Vidhya Varshini D, Divya Sree T, Punniyakoti Veeraveedu Thanikachalam* and Velmurugan R

Saveetha College of Pharmacy, Saveetha Institute of Medical and Technical Sciences (SIMATS), Saveetha Nagar, Thandalam, Kanchipuram - Chennai Rd, Tamil Nadu, India
*Corresponding Author: Punniyakoti Veeraveedu Thanikachalam, Department of Pharmaceutical Chemistry, Saveetha College of Pharmacy, Saveetha Institute of Medical and Technical Sciences (SIMATS), Saveetha Nagar, Thandalam, Kanchipuram - Chennai Rd, Tamil Nadu, India.
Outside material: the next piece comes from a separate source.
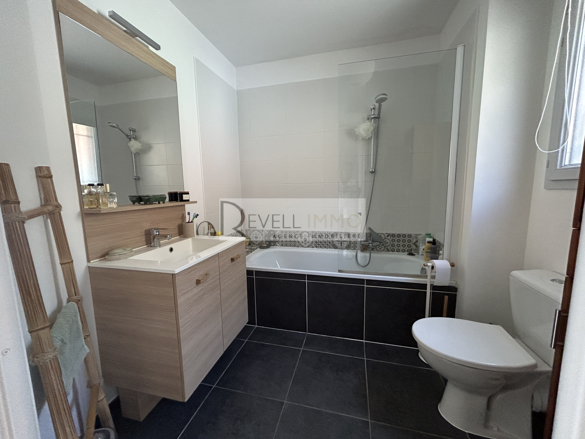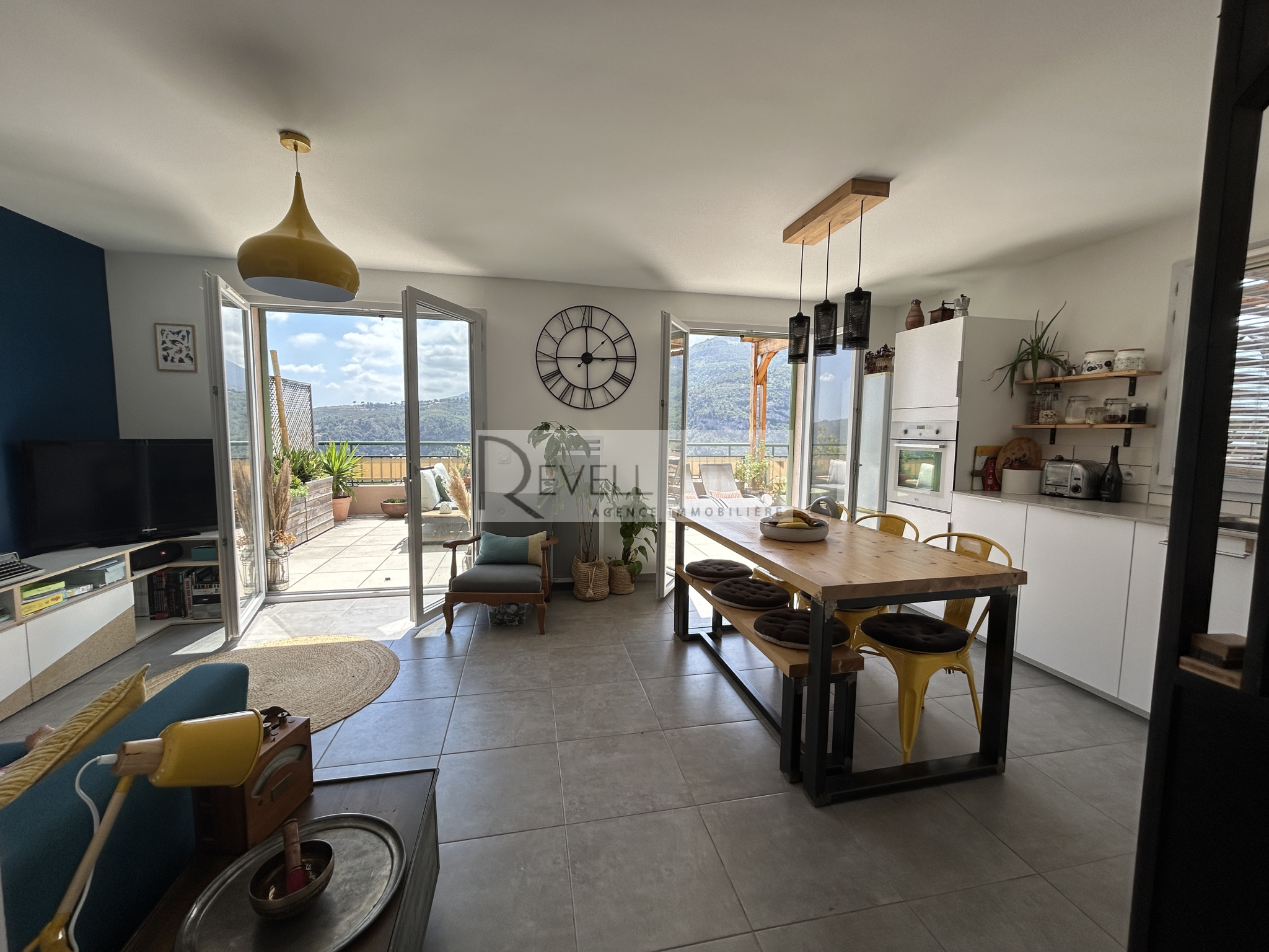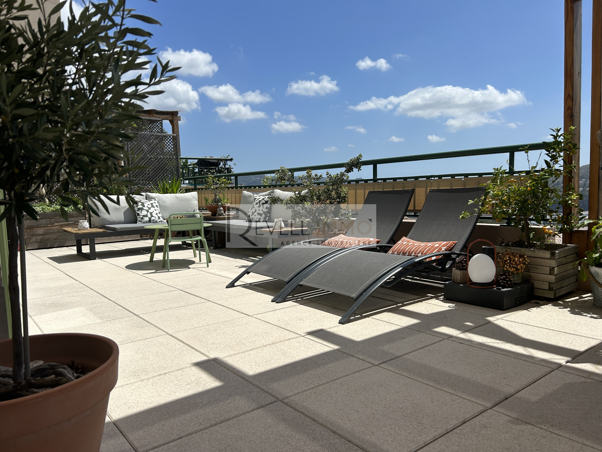 Clara Osina 0603897548 Superbe appartement en duplex construction de 2018 de 59 M² environs avec terrasse de 54m²,un garage,un parking privatif il est composé au premier étage ,d'une entrée,une salle de bains avec wc,deux chambres avec une très belle vue Au rez de chaussée , une buanderie avec un wc,une cuisine aménagée ouverte sur un salon lumieux, donnant un acces direct à une tres grande terrasse Ce bien se trouve dans une residence agreable avec de faible charges 100€ par mois DPE en cours

Received: March 15, 2023; Published: April 10, 2023



Diabetes mellitus (DM) is a carbohydrate metabolic disorder that occurs when the blood glucose level is high. The pancreatic beta cells that produce insulin aid in the metabolism of glucose. Our body's inability to produce enough insulin or to utilize it effectively can occasionally lead to a variety of health problems. Anti-diabetic medications were created to regulate and stabilize blood glucose levels. This lowers liver glucose levels and increases the body's sensitivity to insulin, resulting in improved insulin utilization. Anti-diabetic medications come in a variety of forms, such as insulin injections, metformin, acarbose, pioglitazone, Glipizide, etc. In this article, the most popular and widely used anti-diabetic medications were examined with others in the same class.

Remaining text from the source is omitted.